Katmandu, 22 ago (EFE).- Tradição e modernidade se cruzaram nesta quinta-feira nas ruas de Katmandu com um festival religioso centenário que lembra a morte de familiares e uma parada gay que aproveita a ocasião para reivindicar os direitos dos homossexuais.

Milhares de pessoas acompanhadas de crianças de entre cinco e 15 anos disfarçados de vacas e ascetas percorreram a parte antiga da capital nepalesa para comemorar o Gai Jatra - Festival da Vaca.

Este festival começou no século 17 quando o rei Pratap Malla ordenou aos súditos que tinham perdido um familiar no último ano levar para a rua uma vaca ou uma criança disfarçada de vaca para consolar sua esposa, cujo filho tinha morrido recentemente.

"Sua mulher estava muito triste após a morte de seu filho", explicou Naba Shrestha, um dos participantes da comemoração.

"O rei queria dizer a sua esposa que outras pessoas também tinham perdido entes queridos", afirmou Shrestha.

A colorida festa é organizada para levantar o ânimo, mas também tem um tom espiritual, já que os hindus nepaleses acreditam que a alma de um morto cruza o rio Baitarni, que separa a terra do céu, agarrada no rabo de uma vaca.

Um asceta acompanha a vaca para ajudar na passagem do rio com suas orações.

Os que têm condições financeiras doam uma vaca a um sacerdote no 13º dia da morte de um familiar.

Enquanto as crianças caminham enfeitadas de vaca, os adultos oferecem balas e dinheiro para 365 crianças, uma para cada dia do ano, explicou Shreshtha, que lembrava a morte de seu avô e era acompanhado por dois sobrinhos, disfarçados de vaca e de asceta.

Apesar do calor, Anil Maharjan, um dos sobrinhos, afirmou que estava gostando do passeio.

Da mesma forma que ocorria provavelmente há 300 anos, cada "vaca" e "asceta" passa na frente do palácio real no centro da cidade.

Mas hoje poucas vacas reais passaram na frente do palácio, já que estes animais são caros e, como símbolo de pureza após participar do festival, devem ser doados a sacerdotes.

No hinduísmo a vaca é sagrada e não pode ser sacrificada nem comida.

Como sinal da mudança dos tempos, desde 2004 a comunidade gay realiza uma marcha no mesmo dia do Festival da Vaca.

"Devido aos preconceitos que enfrentam no Nepal, os homossexuais acreditam que ninguém lembrará de suas mortes e por isso organizam uma marcha eles mesmos enquanto estão vivos", afirmou Sunil Babu Pant, um dos ativistas mais conhecidos do país.

"O festival tradicional é muito colorido e uma parada gay é aceitável nestas circunstâncias", explicou Babu.

A transexual Julie Chepang, de 21 anos, viajou cem quilômetros para participar da parada gay.

"Não podemos vestir estas roupas no dia a dia.
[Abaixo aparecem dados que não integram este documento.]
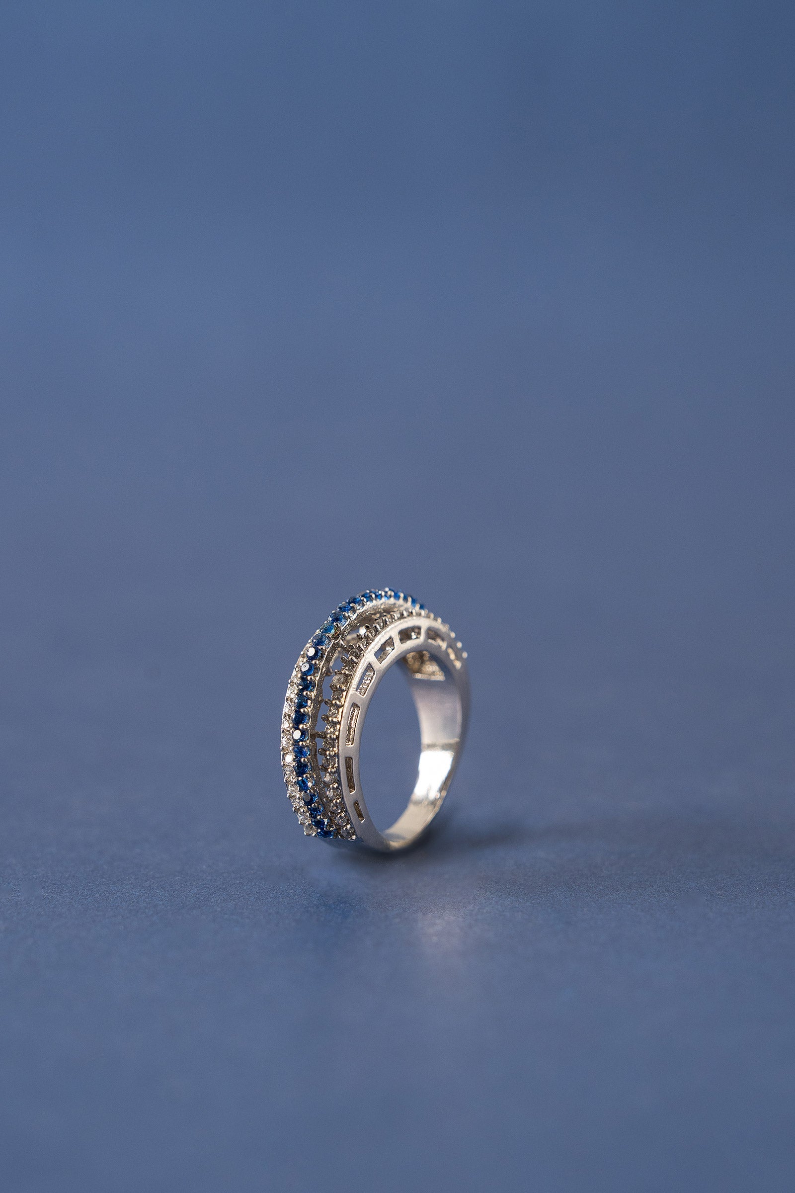 A dance of delicate sapphire blue and sparkling white zircons, this ring captures the essence of modern celebration. Soft yet striking, it’s a radiant ode to festive joy and timeless elegance — perfect for moments that sparkle with meaning.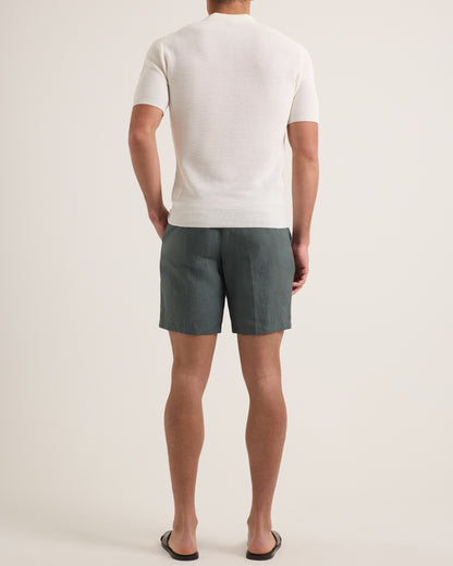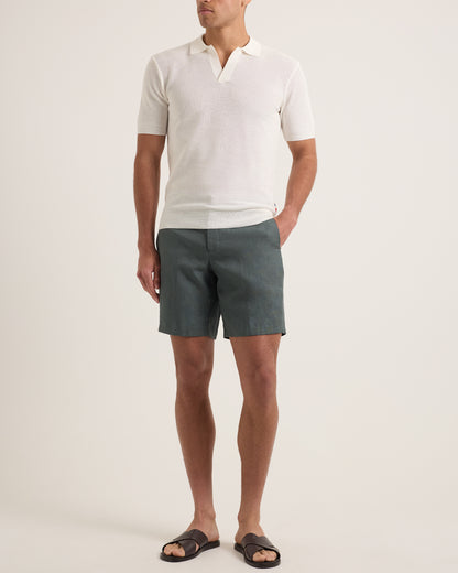 Le soleil de midi s’impose, lourd et doré. Les toits-terrasse en sont baignés - murs blanchis à la chaux, volets peints, lente ondulation du linge se gorgeant de chaleur. Une odeur de poisson grillé et d’herbes sauvages s’invite sur la place, portée par l’air et le faible murmure des voix en contrebas. Nul besoin de se presser, ni même de bouger, seul existe le plaisir tranquille d’être exactement là où vous êtes. Le Norwich a été conçu pour ce genre d’après-midi - Lin tissé en Italie, net mais sans contraintes, taillé avec juste ce qu’il faut de précision pour se sentir bien partout, tout naturellement. Le pli central et les boucles d’ajustement latérales assurent une tenue impeccable, mais qu’en est-il côté sensation ? Le confort à l’état pur. Un short pour les hommes qui savent que parfois, le meilleur programme est celui qui n’existe pas.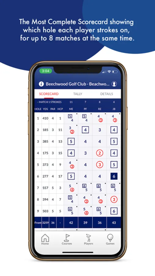 The app has a simple yet powerful scorecard that can support dynamic scorekeeping and match tallies across multiple foursomes.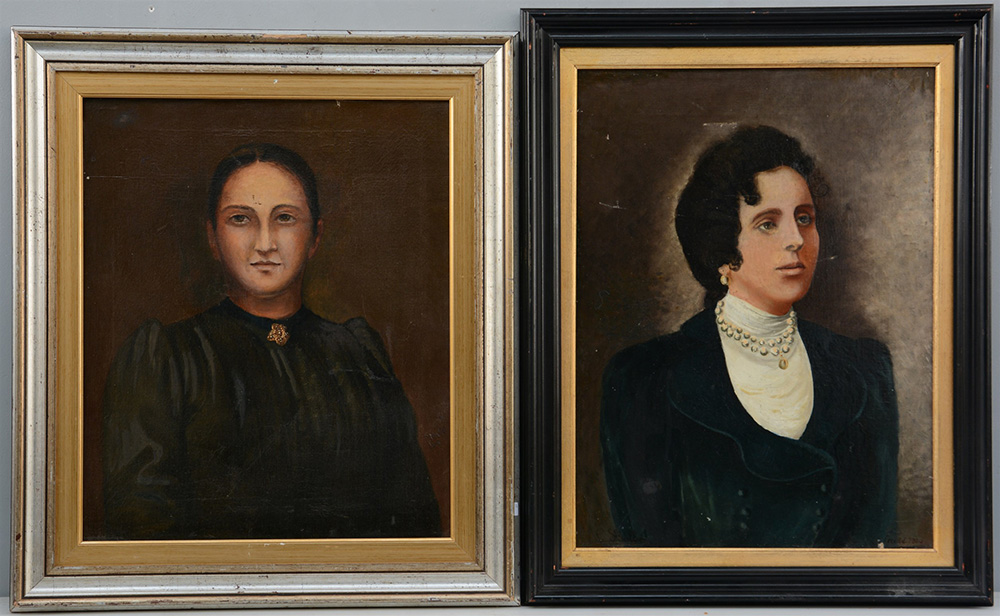 Lotto di due dipinti ad olio su tela raffiguranti ritratti femminili, di artisti differenti, firmati e datati 1909 e 1918, in cornici (difetti)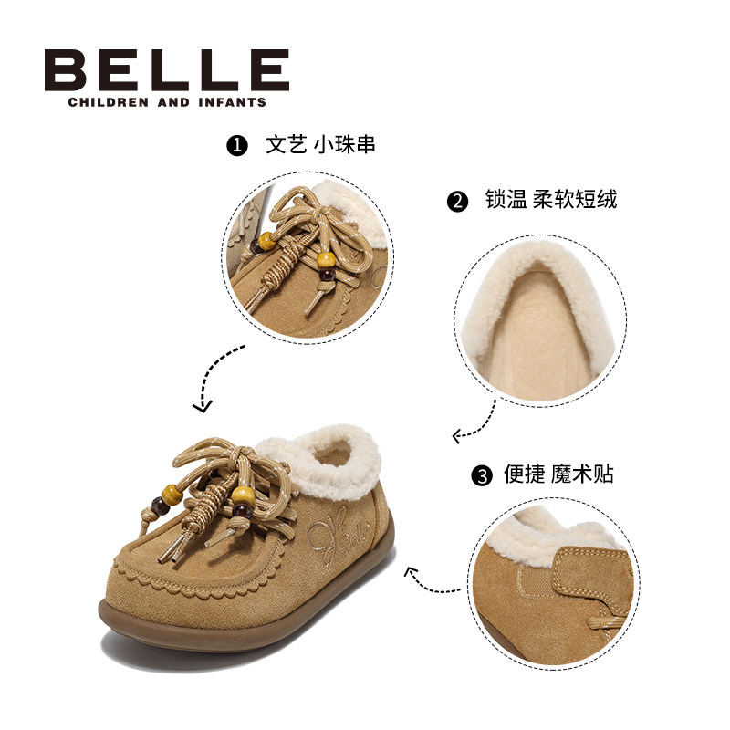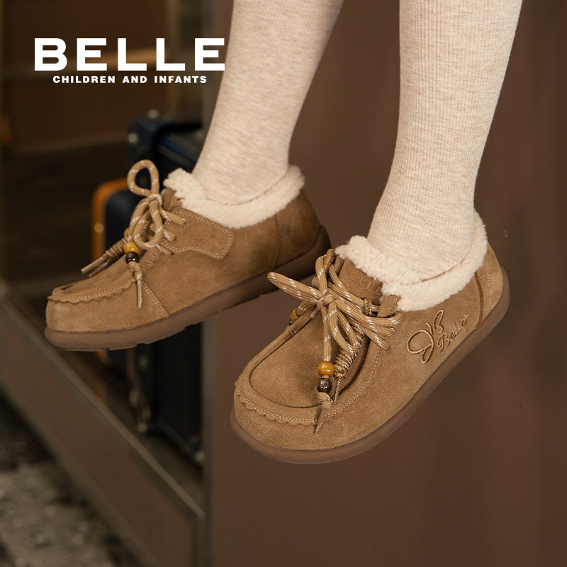 百丽童鞋女童加绒袋鼠棉鞋冬季新款小女孩保暖毛毛鞋儿童二棉鞋子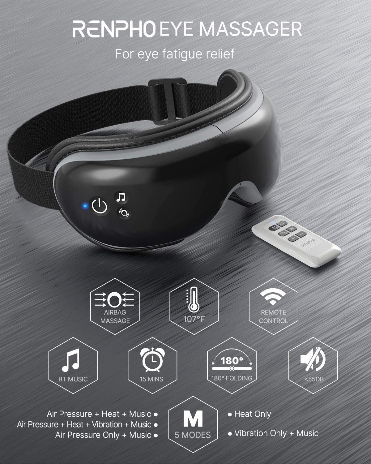 Renpho这款眼部加热气压按摩仪借由温热眼周肌肤来促进眼部周围的血液循环,达到舒缓肌肉紧绷的效果。其实血液循环不良,不仅会造成肌肉紧绷,还是导致眼部暗沉的主要原因之一。借由热敷功能,从此向熊猫眼说掰掰吧!这款按摩仪特别对应了眼睛周围的穴道做深层按摩效果,共有五种按摩模式,对应着不同时长,同时不同模式下均可调节热敷温度高低和气压强度。按摩仪还可以连接蓝牙对应到手机,或者,使用按摩仪内置的白噪音音乐,按摩热敷当下听着音乐沈沈睡去,评价相当优秀!随附遥控器。
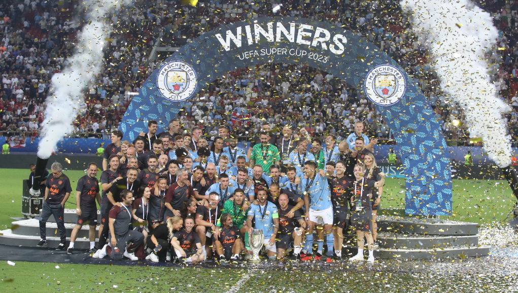 Η Σίτι κατέκτησε το πρώτο Super Cup στην ιστορία της, επικρατώντας 5:4 στα πέναλτι (1:1 κανονική διάρκεια) επί της Σεβίλλης, εν μέσω αποθέωσης, μέσα στο “Γ. Καραϊσκάκης”.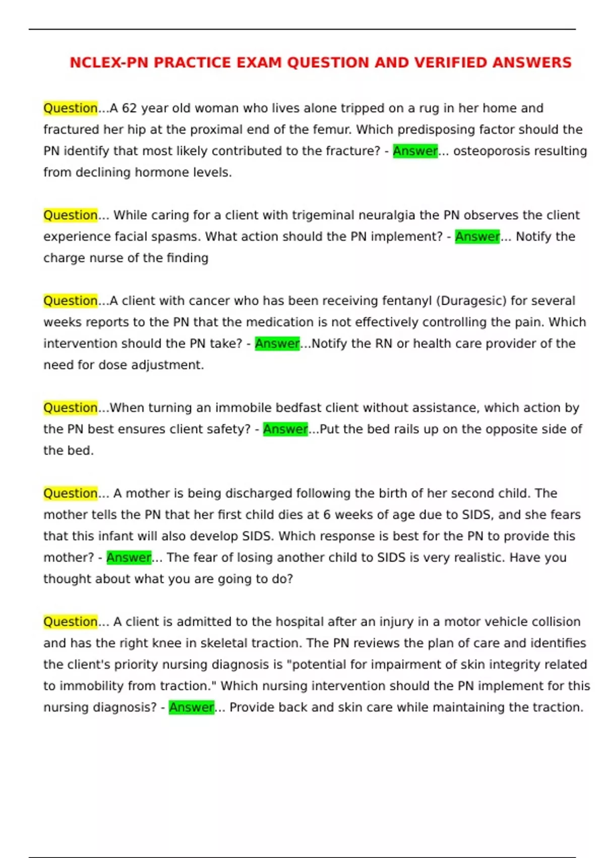 NCLEX-PN PRACTICE EXAM QUESTION AND VERIFIED ANSWERS Question...A 62 year old woman who lives alone tripped on a rug in her home and fractured her hip at the proximal end of the femur. Which predisposing factor should the PN identify that most likely contributed to the fracture? - Answer... osteoporosis resulting from declining hormone levels. Question... While caring for a client with trigeminal neuralgia the PN observes the client experience facial spasms. What action should the PN implement? - Answer... Notify the charge nurse of the finding Question...A client with cancer who has been receiving fentanyl (Duragesic) for several weeks reports to the PN that the medication is not effectively controlling the pain. Which intervention should the PN take? - Answer...Notify the RN or health care provider of the need for dose adjustment. Question...When turning an immobile bedfast client without assistance, which action by the PN best ensures client safety? - Answer...Put the bed rails up on the opposite side of the bed. Question... A mother is being discharged following the birth of her second child. The mother tells the PN that her first child dies at 6 weeks of age due to SIDS, and she fears that this infant will also develop SIDS. Which response is best for the PN to provide this mother? - Answer... The fear of losing another child to SIDS is very realistic. Have you thought about what you are going to do? Question... A client is admitted to the hospital after an injury in a motor vehicle collision and has the right knee in skeletal traction. The PN reviews the plan of care and identifies the client's priority nursing diagnosis is "potential for impairment of skin integrity related to immobility from traction." Which nursing intervention should the PN implement for this nursing diagnosis? - Answer... Provide back and skin care while maintaining the traction. Question... The PN is reinforcing discharge instructions for a 22-year old male client diagnosed with Beurger disease (thromboangitis obliterans). Which referral is most important for this client? - Answer... Smoking cessation program Question... Urinary catheterization is prescribed for a postoperative female client who has been unable to void for 8 hours. The PN inserts the catheter, but no urine is seen in the tubing. What action should the PN take next? - Answer... Leave the catheter in place and reattempt with another catheter. Question... During the admission process, the PN determines that a male client who is scheduled for surgery in the morning has a blood pressure of 160/85. He is drinking coffee and says his blood pressure has never been that high. The PN plans to retake the blood pressure in 30 minutes. This action indicates that the PN recognizes that the elevated blood pressure is likely due to which factor? - Answer... Preoperative anxiety Question... The PN is caring for a client with symptoms of paranoia and psychosis. Which intervention is most important for the PN to implement for the nursing diagnosis, "Impaired social interactions related to inability to trust?" - Answer... Greet the client by first name during each social interaction. Question... An adolescent female client with a diagnosis of anorexia nervosa wants to help serve dinner trays to other clients on a psychiatric unit. What action should the PN take? - Answer... Suggest another way for this client to participate in the unit's activities. Question... A client in a long-term care facility reports to the PN that he has not had a bowel movement in 2 days. Which intervention should the PN implement first? - Answer... Access the client's medical records to determine the client's normal bowel pattern. Question... What types of medications should the PN expect to administer to a client during an acute respiratory distress episode? - Answer... Bronchodilators and steroids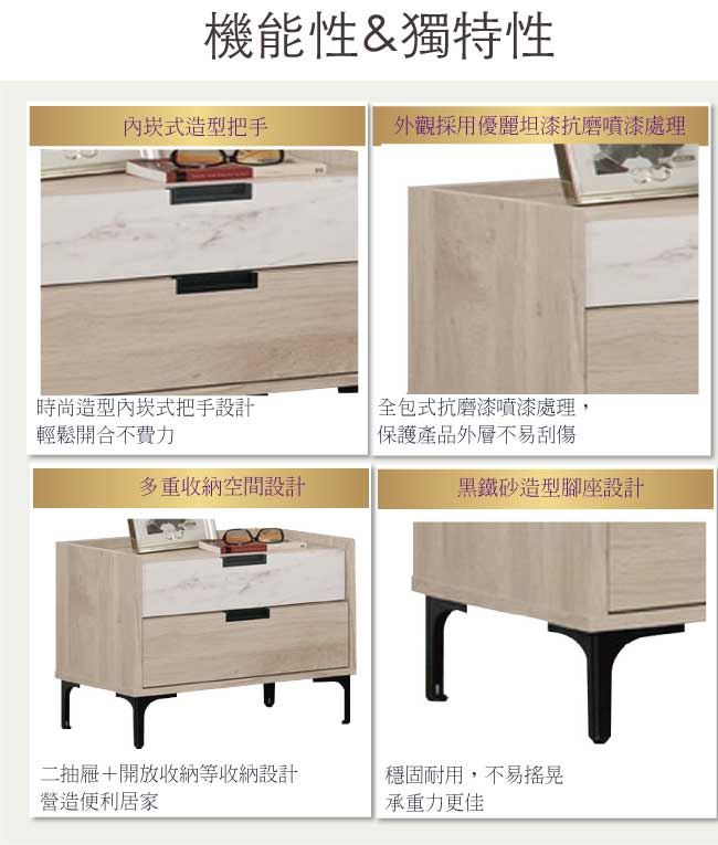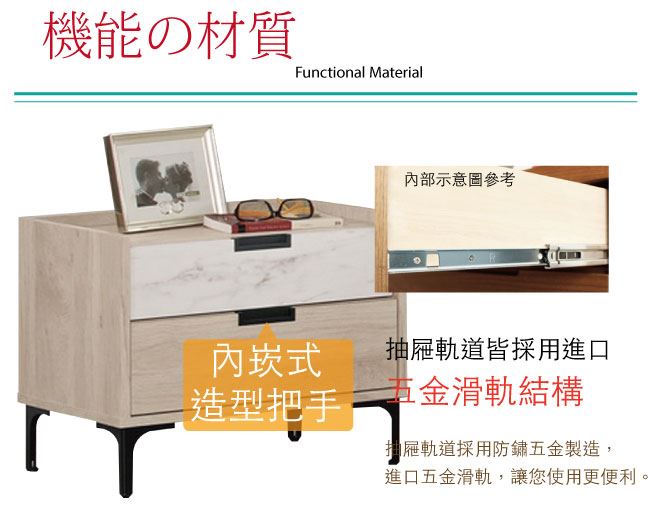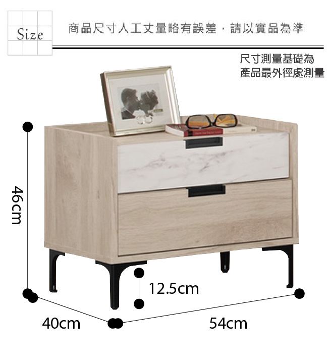 材質 | ◆產品名稱: 【綠家居】查森特 雙色1.8尺二抽床頭櫃 產品尺寸: 尺寸:(寬)54x(深)40x(高)46/公分 ◆材質: 材質:防蛀木心板+黑鐵砂腳座 材質:五金滑軌結構 塗漆:優利坦全包式耐磨&亮面噴漆處理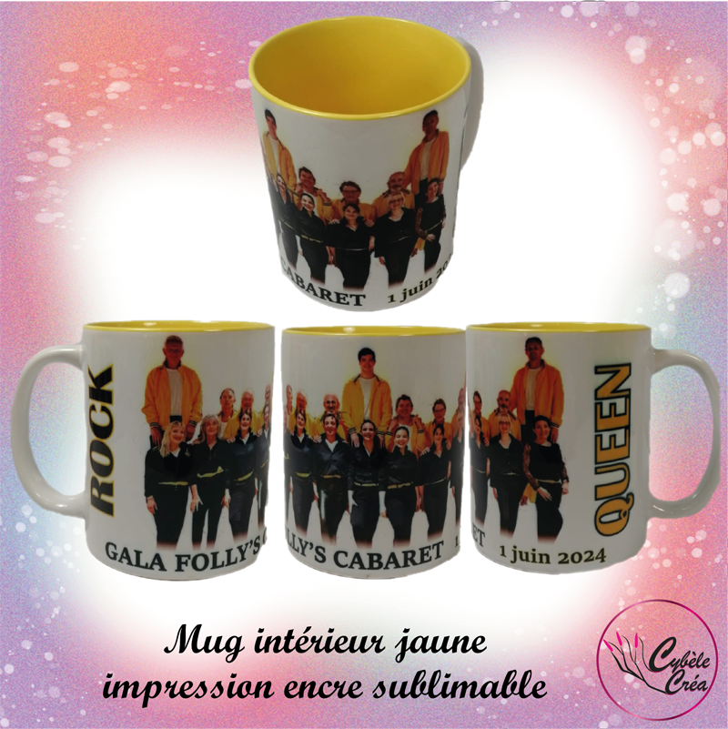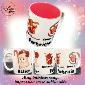 - Mug en céramique extérieur blanc intérieur couleur (jaune, vert clair, vert foncé, rouge, rose, bleu clair, bleu foncé, orange et noir)

No festival podemos", afirmou a jovem em referência à maquiagem e ao decote que exibia.

Para Oshin Shrestha, de 20 anos, se trata de "uma oportunidade de conhecer gente como nós".

A parada gay, cheia de bandeiras de arco-íris e bolas coloridas, começou no distrito turístico da cidade, percorreu o centro e acabou nas portas do palácio.

O festival religioso, que a comunidade gay aproveita para ganhar visibilidade de forma irreverente para muitos dos nepaleses desempenhou historicamente um papel de zombaria, com espetáculos satíricos nos quais fazem brincadeiras sobre políticos.

Embora com a chegada da liberdade de expressão este aspecto político tenha perdido relevância.

Durante o Governo autocrático do rei entre 1960 e 1990 se aproveitava o festival para satirizar as autoridades, que permitiam as brincadeiras nesta data.

Mas desde a queda da monarquia em 2008, os espetáculos satíricos já não são o que eram antes.